Throughout, I was struck by the fact that although Lindelof is best known for twisty stories, it was the character stuff that worked best in this episode, not the stuff that actually happens. The way Matt found his money felt a little contrived—if it was sitting there all along, why didn’t he go get it earlier? A late development in which Matt is knocked out by a thrown rock on his way to the bank with the money doesn’t work well either, nor does a bizarre dream sequence which cycles through bizarre vignettes at random like creepy-image-roulette. The most interesting revelation, also part of the dream scene, is that Matt’s wife was paralyzed in a car accident right after the Departure, when an oncoming car was suddenly riderless.

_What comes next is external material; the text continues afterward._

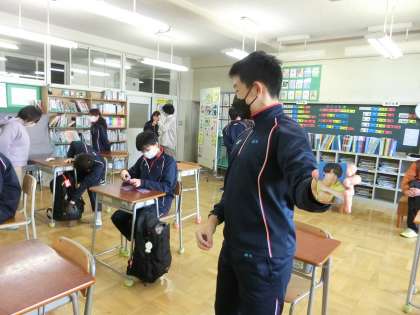 I組ボロ市見学を終えて、学校へ戻ってきました。たくさん歩いたのでくたくたですが、自分が買ったものに大満足。見せあいっこしていました。

Ultimately, Matt loses the church, though, and the mysterious buyer is—you guessed it—the Guilty Remnant. What they plan to do with the building, and what the loss of his ministry will mean to Matt, will have to wait until next week.
Stray observations
• The title of the episode, “Two Boats and a Helicopter,” refers to a joke about a man who can’t recognize the hand of God when he sees it. DISCUSS.
• Matt seems to have an affinity for the fanatic Guilty Remnant, and his stopping to help one of them—which ultimately is what loses him the church—echoes the biblical parable of the Good Samaritan.
• Kathy Geiss from 30 Rock is one of the Guilty Remnant. Maybe that’s an in-joke for fans of the NBC comedy: Kathy didn’t talk in that show, either.
• I’m cautiously optimistic about The Leftovers—but the one thing I still find missing is any trace of humor. Tom Perrotta’s books are darkly funny, though it’s sometimes hard to see in adaptation. Election and Little Children, two successful adaptations of Perrotta’s work, succeeded by adding voiceover, which gave the audiences some ironic distance from the nastiness happening on the screen. I can’t help but suspect that Lindelof missed an important layer of the story by not incorporating Perrotta’s gently humorous and even tender approach toward what is starting to become, three episodes in, pretty depressing subject matter.